As the admin of greasyfork.org, if you need any statistics on API usage, I 
can provide it. If you decide to change any APIs, I can also provide some 
sort of notification to authors to update their scripts.

On Friday, 12 May 2017 13:44:06 UTC-5, Anthony Lieuallen wrote:
>
> Greasemonkey is over ten years old, as are most of its special APIs for 
> user scripts.  They're all (save GM_xmlhttpRequest) synchronous calls, 
> which made sense at the time.
>
> In Firefox 57 legacy extensions are gone, only WebExtensions remain.  

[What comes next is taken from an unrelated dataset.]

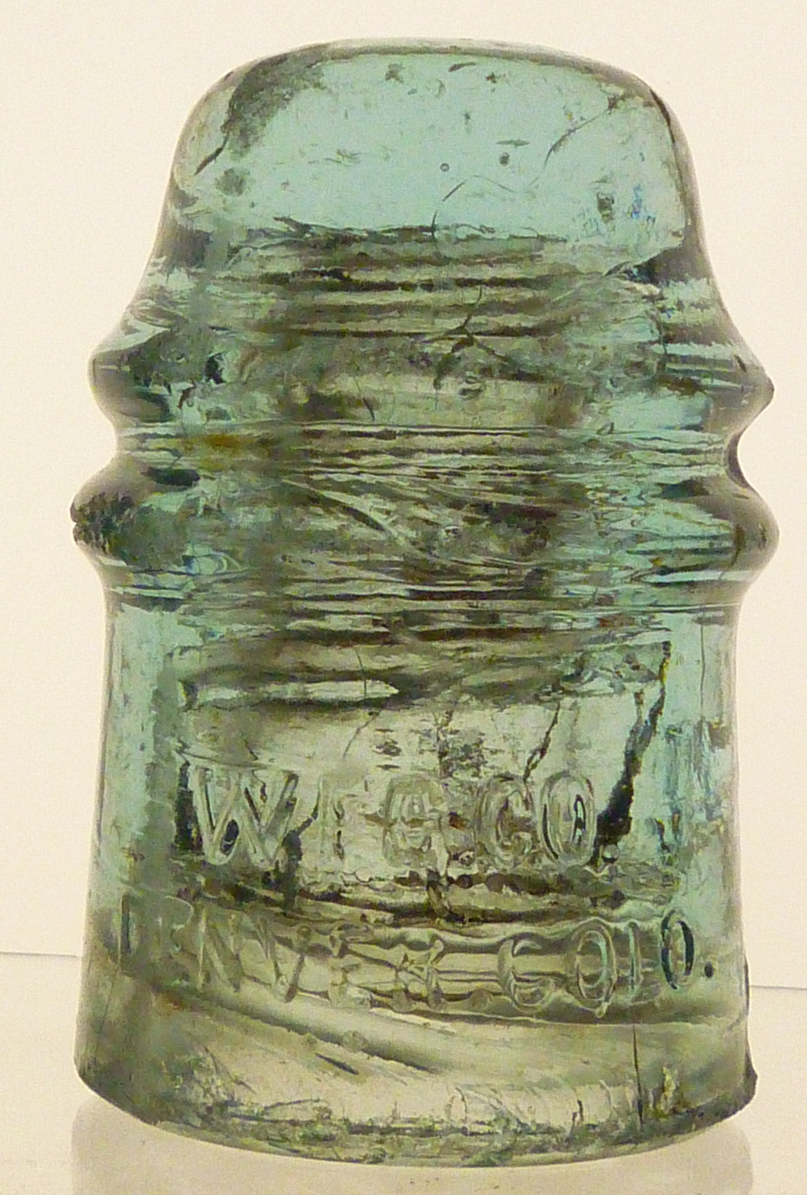 USED CONDITION: CD 121 W.F.G. CO. toll line insulator. Front skirt embossed: W.F.G. CO. / DENVER. COLO. / .. Rear skirt embossed: 16 Smooth base. AQUA. Condition: UNIQUE !!!!! Meaning to say. " ain't another one exactly like this one." Overall nice, but visibly has been used. "Rode hard and put up wet as they used to say:" Notice that near the base on the inside of the skirt. It almost appears to have some sort of "swirl lthread marks on the inside edge". At the factory the threading mandrel could have done this either going in or coming out. Some nice annealing cracks in the threads. There is about a 1" gap from the actual threads starting and the ones in the lower skirt. Nice and crude. Has some rub marks on wire rims. A vertical rub mark on the front from dome down to te the base edge of the skirt that is about 1/4" wide. Some small pecks . Base is nice with no distractions to note. 100% positive this piece has been used. Not sure as to what/or who caused the other mentioned damage. Top of dome shows signs of "frit" or other material falling into the mold before the glass was poured, Some surface annealing lines. Cannot be described as "MINT", "VERY NEAR MINT", OR EVEN "NEAR MINT". No conditional description will cover this piece. No need to send to a 3rd party " grader " for advice............This piece stands all alone by itself as...... UNIQUE With this piece in your collection, you can feel 100% confident that no one else has one like it and that there is not another one to be found. Stock #a4179 $100.00 + shipping |

> Webext is different in several ways, including parent (chrome) and child 
> (content) process separation, communication/coordination via message 
> passing, and concentration on asynchronous APIs.  As I understand it, 
> there's no way to "block" on an async backing API.
>
> This leaves several paths forward for Greasemonkey, in no particular order:
>
>    1. Do our best to emulate the old APIs, with possibly slow, buggy, 
>    inefficient, or inferior functionality.
>    2. Add new similar APIs, but with asynchronous interfaces.
>       1. With the same names as old APIs.
>       2. With new names/organization.
>       3. Give up on supporting special APIs.
>    4. Give up completely, don't even port Greasemonkey to webext.
>    
> I've got my own opinions here, but before I voice them I'd like to hear 
> from the community.  What would you (script authors especially) like to see 
> happen?  Do you have other ideas I haven't listed?